If the duplicated data is not updated often, then there is minimal additional work required to keep the two collections consistent. However, if the duplicated data is updated often, using a reference to link related data may be a better approach.如果重复的数据不经常更新,那么保持两个集合的一致性所需的额外工作就很少了。然而,如果重复数据经常更新,使用引用链接相关数据可能是更好的方法。

Before you duplicate data, consider the following factors:在复制数据之前,请考虑以下因素:

  • How often the duplicated data needs to be updated.重复数据需要多久更新一次。
  • The performance benefit for reads when data is duplicated.数据复制时读取的性能优势。

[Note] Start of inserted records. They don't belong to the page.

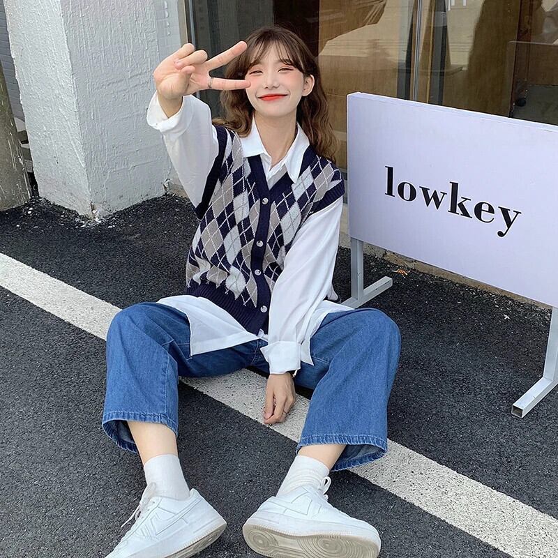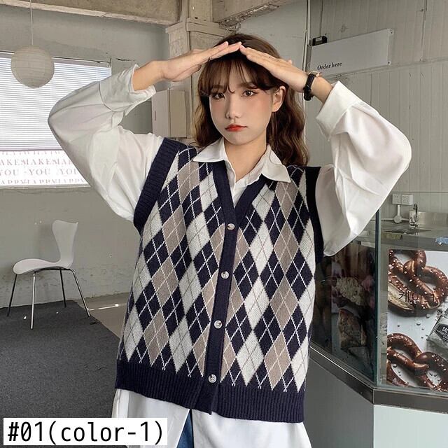 送料無料 アパレル V ネックヴィンテージアーガイルクロップドセーターベスト女性ノースリーブカーディガンプレッピースタイルボタンアップタンクトップ ビンテージ AE122232213673012791
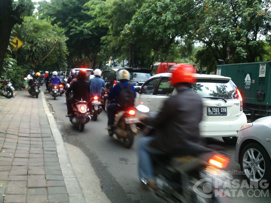Kelakuan pengendara bila berada di lampu merah. Maju ke depan lewati batas garis agar bisa jalan duluan. Padahal sangat membahayakan. Lokasi lampu merah Kalibata - Pasar Minggu.
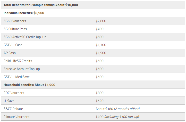 综合所有2025年预算案措施,这个示例家庭在2025财年预计可获得总计约10,800新元的福利,其中约8,900新元为个人福利,约1,900新元为家庭共享福利:
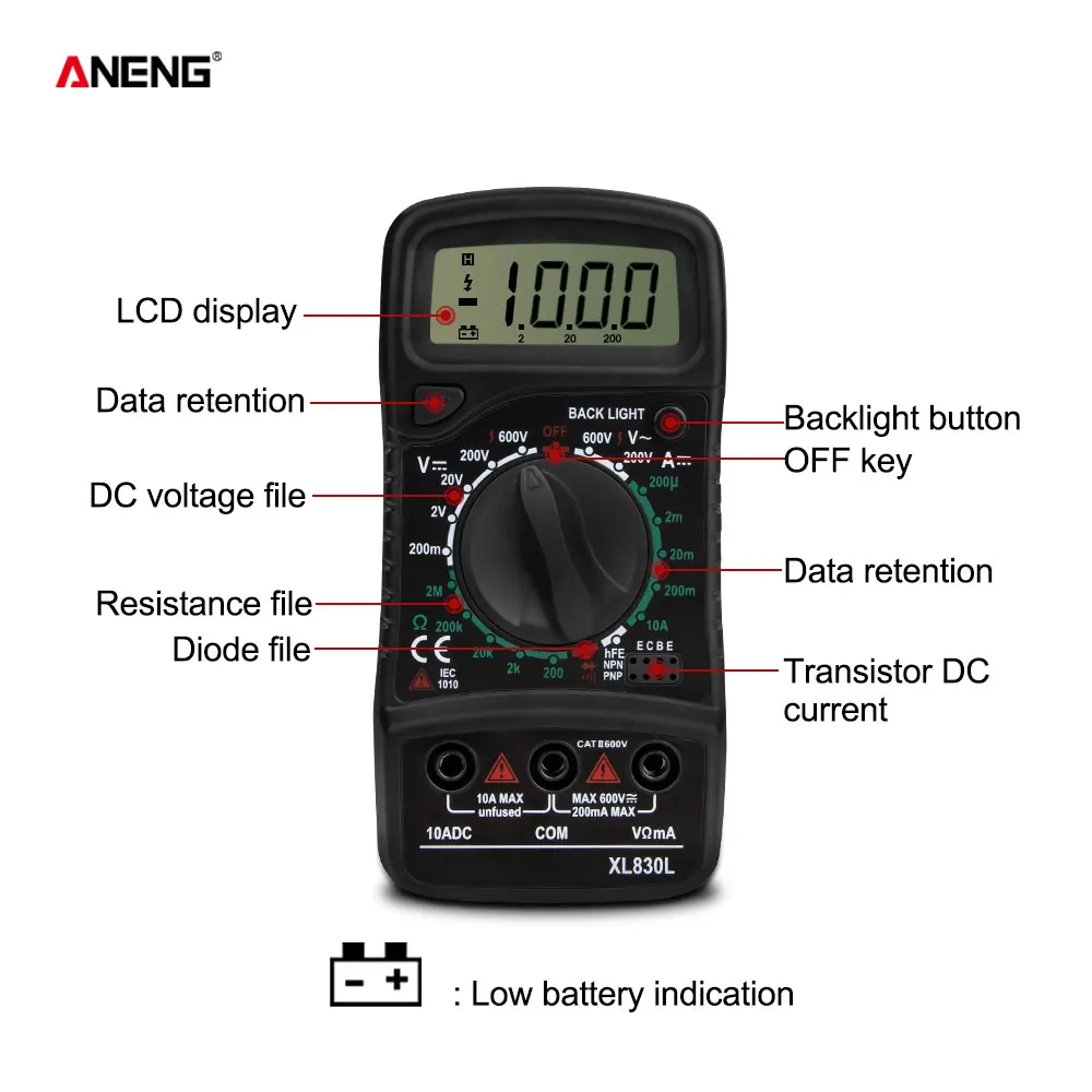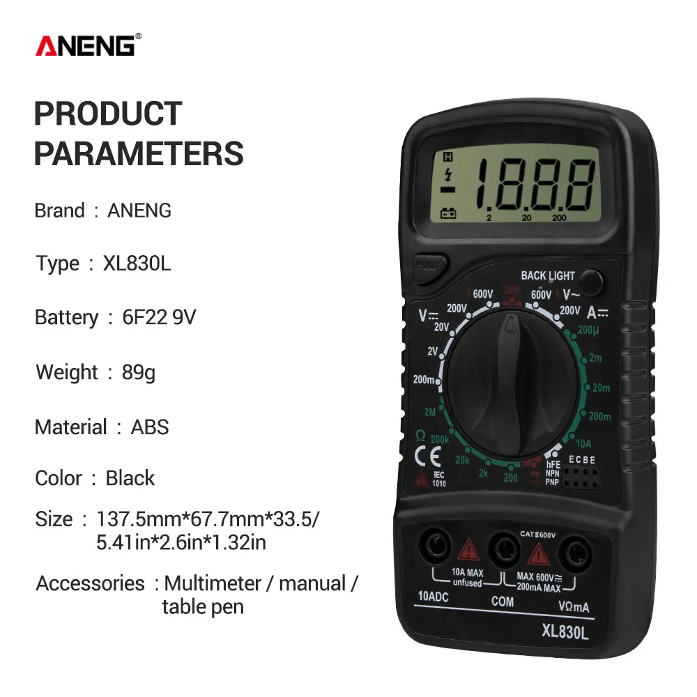 ANENG XL830L мультиметр цифровой тестер мультиметр digital multimeter Мультиметр мультиметры мини tester тестор мультитестер тестеры тестер конденсаторов esr meter щупы для мультиметра мультиметор мультимер
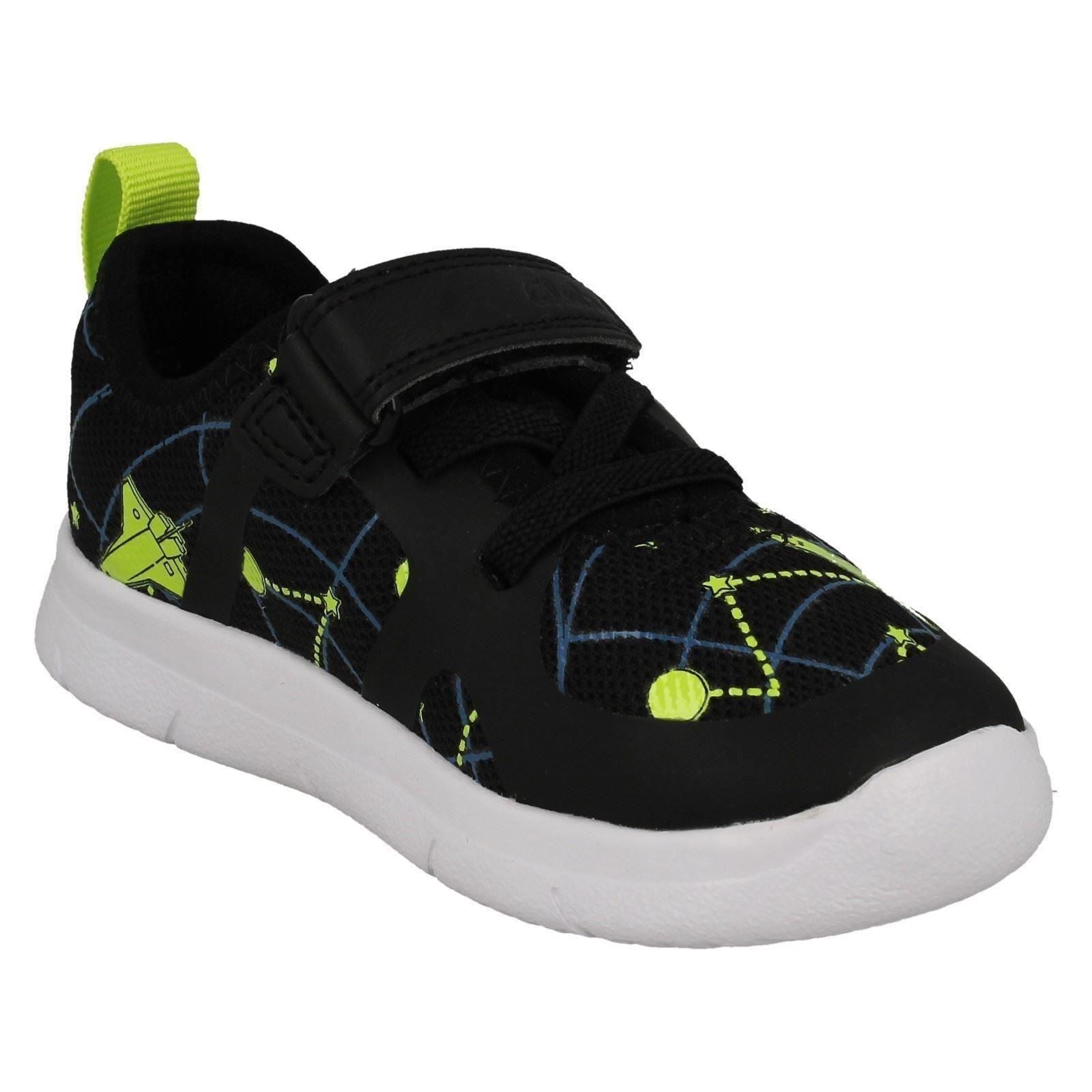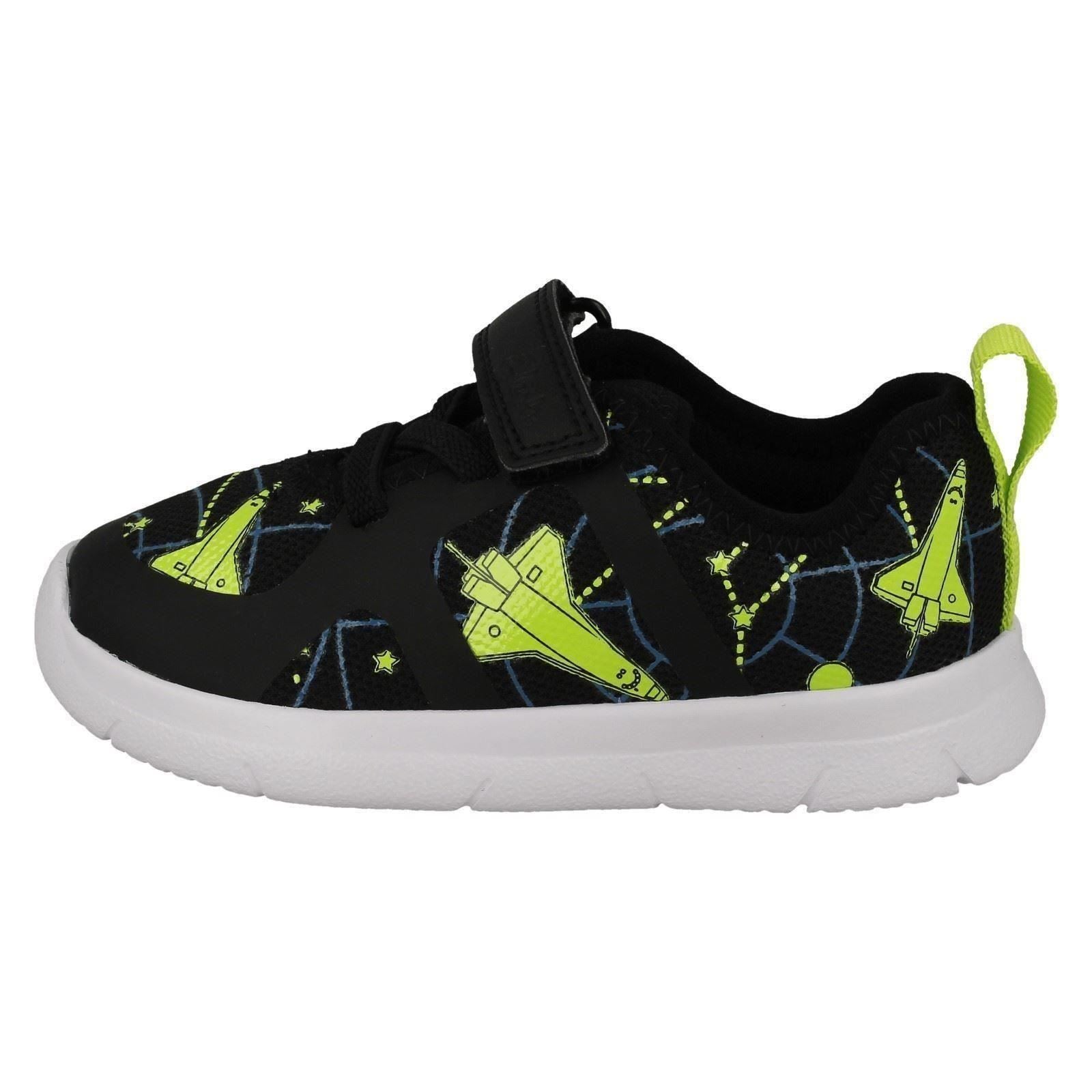 Clarks Boys Space Detailed Trainers Ath Cosmo launch little feet into action. Featuring a comfy textile and synthetic upper, textile lining, and tough synthetic sole, these trainers secure with hook and loop fastening. Watch him conquer the playground and explore new worlds in these durable, ready-for-anything kicks. Give him the freedom to play all day.
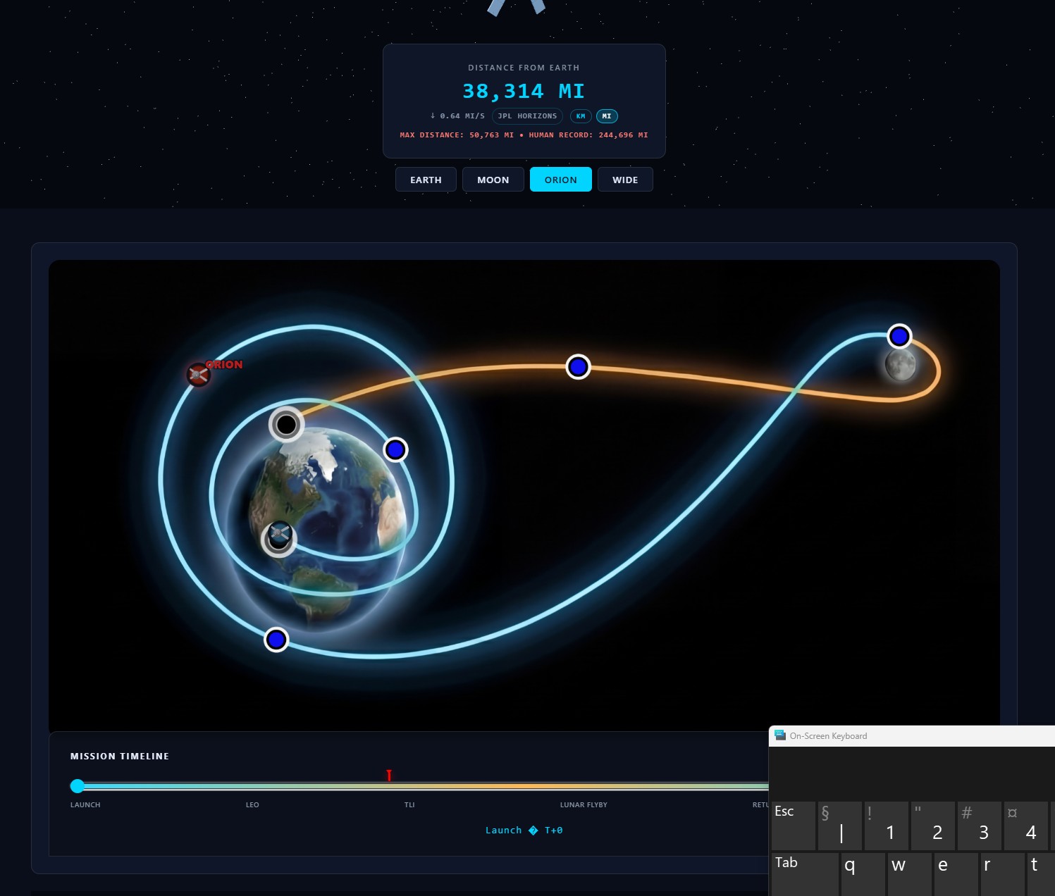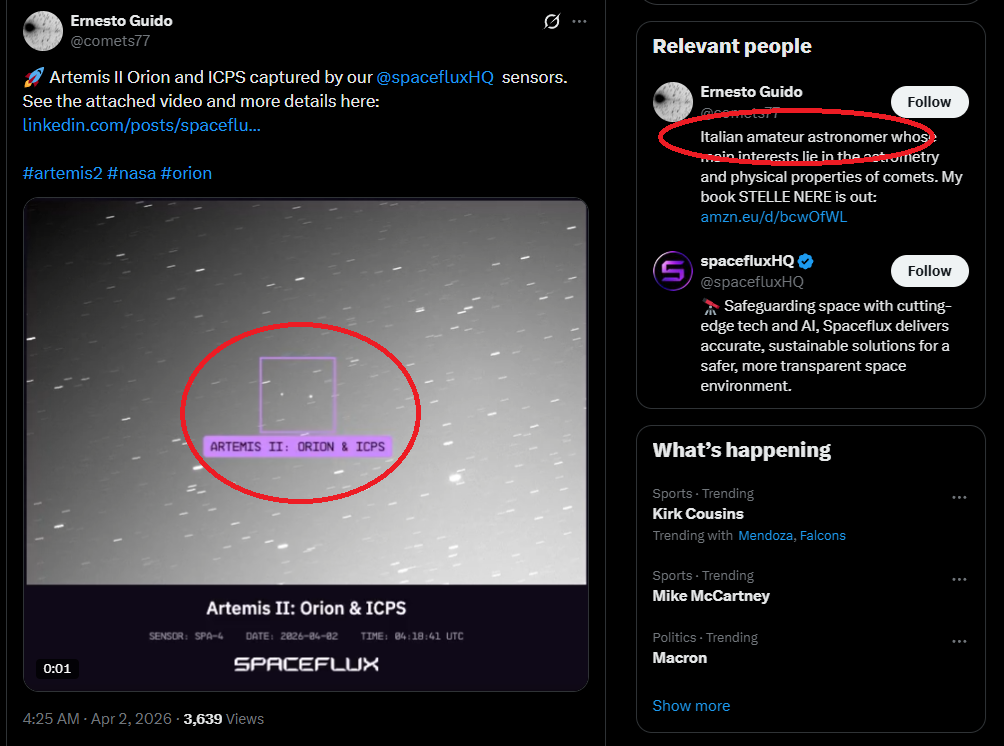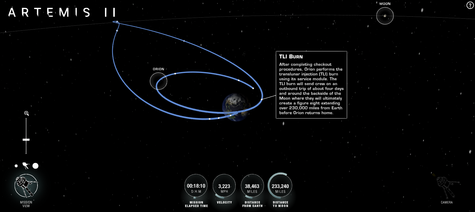 >>532207430It is 38 000+ miles from earth now.Technically still orbiting earth, but in a very high orbit, preparing for TLI (Trans Lunar Injection) burn about 24h after launch yesterday.After that it will take another 3 days to reach the moon, zip around it once, and then head back to earth.[ artemistracker com ]The Orion capsule is about 4 meter in diameter.The solar panels are about 19 metres end to end.The telescope you need, and the clear sky condition you'd need are both unlikely.The ISS is orbiting at around 250 miles above earth, and you can easily find pictures and even videos from hobby photographers with some hefty gear.4chan is REALLY not your best source of information about this topic...
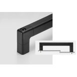 Soportes laterales del asa de fundición de aluminio en coquilla AlSiCu 12. Tubo del asa de aluminio extruido AlMgSi 0,5. Pintado con polvo negro, semimate.
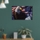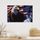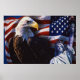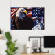 poster i örn 4 juli kommer med ett vackert Örn sitta och tittar vid Frihetsgudinnan och en amerikansk flagga bakom sig. Detta är ett vackert foto på denna poster
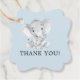 Cute elephant baby shower favour tag featuring a mum & baby elephant set on a blue background.
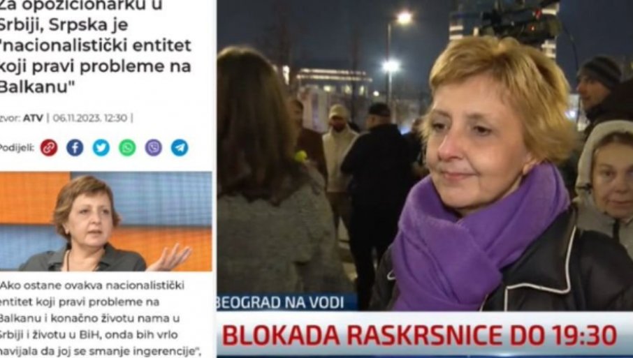 БЛОКАДУ ПРЕДВОДИ БИЉАНА СТОЈКОВИЋ: Жена за коју је Сребреница геноцид, која вређа СПЦ и тражи укидање Републике Српске (ФОТО)
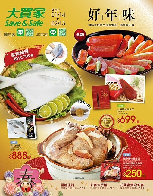 大買家量販店,這次年貨檔將頂級海鮮,人氣老店美食、圍爐必吃老字號火鍋料、宜蘭鴨賞、埔里老店紹興香腸、冬令進補雞湯、各地人氣伴手禮、古早味零嘴等等…都擺放在一樓的生鮮冷凍區、水產區以及食品雜貨區,讓顧客可以盡情地與家人慢慢逛、慢慢挑選~~
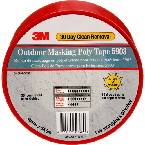3M 5903 Outdoor Masking Poly Tape, 1-7/8"W x 50-1/8 Yds., Red - Pkg Qty 24
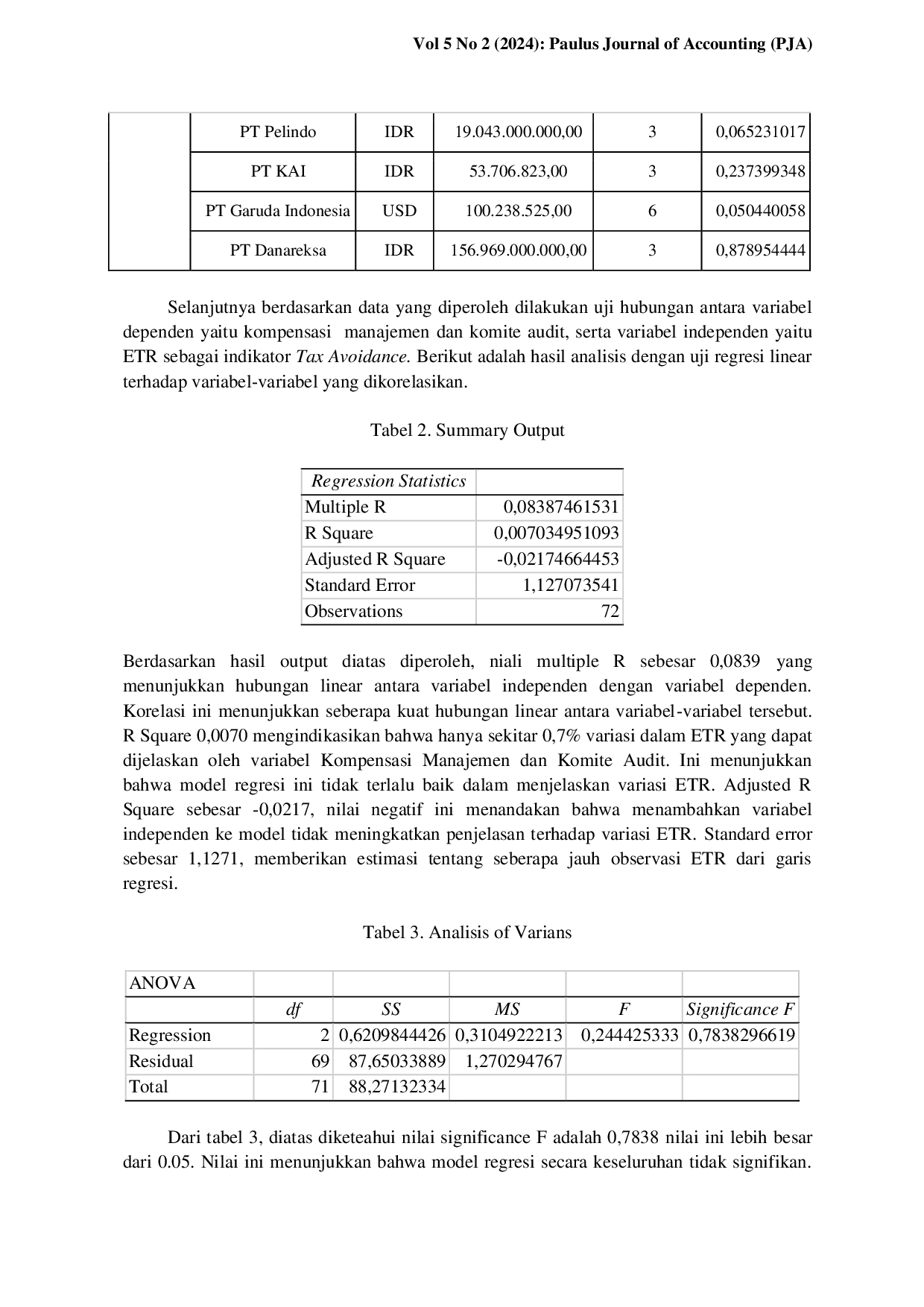 Penggunaan ETR sebagai indikator penghindaran pajak mengungkapkan bahwa model regresi yang digunakan dalam analisis ini tidak cukup kuat untuk menjelaskan variasi dalam ETR berdasarkan kompensasi manajemen dan komite audit.Hal ini ditunjukkan oleh rendahnya nilai R Square dan tingginya P-value pada kedua variabel independen.Oleh karena itu, meskipun ETR adalah alat yang berguna untuk mengukur penghindaran pajak, analisis ini menunjukkan bahwa faktor-faktor lain mungkin lebih relevan dan perlu dipertimbangkan untuk memberikan gambaran yang lebih akurat tentang bagaimana perusahaan menghindari pajak.Penelitian lebih lanjut yang melibatkan variabel tambahan atau pendekatan metodologis yang berbeda diperlukan untuk memahami dinamika penghindaran pajak secara lebih komprehensif.
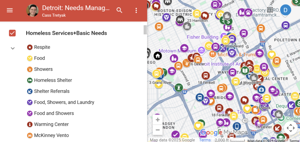 In order to help someone, you have to know how to – that’s where Cass Tretyak initially struggled in her work with unhoused folks. Clients needed help meeting basic needs like food and emergency shelter, but she didn’t know where to direct them. “If this is overwhelming to me,” she said to BridgeDetroit, “how must the client feel when they are in crisis mode?” So she started assembling a solution: The Detroit: Needs Management Map. In just two years, it’s become a must-have tool for Tretyak and her colleagues in the field.
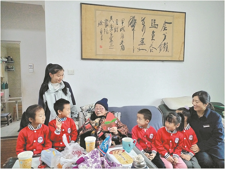 10月29日,市住房和城市更新局第一房产管理所联合尹集社区、沐恩幼儿园开展“童心敬老·传承美德”主题活动,组织孩子们走进公租房小区,通过赠送暖心豆浆、手工寿桃以及童趣表演等方式,为独居、高龄老人送去节日祝福。图为孩子们向老人赠送手工寿桃。

To learn more, see Handle Duplicate Data.要了解更多信息,请参阅处理重复数据

Indexing索引

To improve performance for queries that your application runs frequently, create indexes on commonly queried fields. As your application grows, monitor your deployment's index use to ensure that your indexes are still supporting relevant queries.为了提高应用程序频繁运行的查询的性能,请在常用查询字段上创建索引。随着应用程序的增长,监控部署的索引使用情况,以确保索引仍支持相关查询。

Hardware Constraints硬件限制

When you design your schema, consider your deployment's hardware, especially the amount of available RAM. Larger documents use more RAM, which may cause your application to read from disk and degrade performance. 在设计架构时,请考虑部署的硬件,特别是可用RAM的数量。较大的文档会使用更多的RAM,这可能会导致应用程序从磁盘读取并降低性能。When possible, design your schema so only relevant fields are returned by queries. This practice ensures that your application's working set does not grow unnecessarily large.如果可能,请设计您的模式,以便查询只返回相关字段。这种做法可确保应用程序的工作集不会不必要地变大。

Single Document Atomicity单文档原子性

In MongoDB, a write operation is atomic on the level of a single document, even if the operation modifies multiple embedded documents within a single document. This means that if an update operation affects several sub-documents, either all of those sub-documents are updated, or the operation fails entirely and no updates occur.在MongoDB中,写操作在单个文档级别上是原子性的,即使该操作修改了单个文档中的多个嵌入式文档。这意味着,如果更新操作影响多个子文档,则所有这些子文档都会被更新,或者操作完全失败,不会发生更新。

A denormalized data model with embedded data combines all related data in a single document instead of normalizing across multiple documents and collections. This data model allows atomic operations, in contrast to a normalized model where operations affect multiple documents.具有嵌入式数据的非规范化数据模型将所有相关数据组合在一个文档中,而不是跨多个文档和集合进行规范化。与操作影响多个文档的规范化模型相比,此数据模型允许原子操作。

For more information see Atomicity.有关更多信息,请参阅原子性

Learn More了解更多

Learn how to structure documents and define your schema in MongoDB University's Data Modeling course.在MongoDB大学的数据建模课程中学习如何构建文档和定义模式。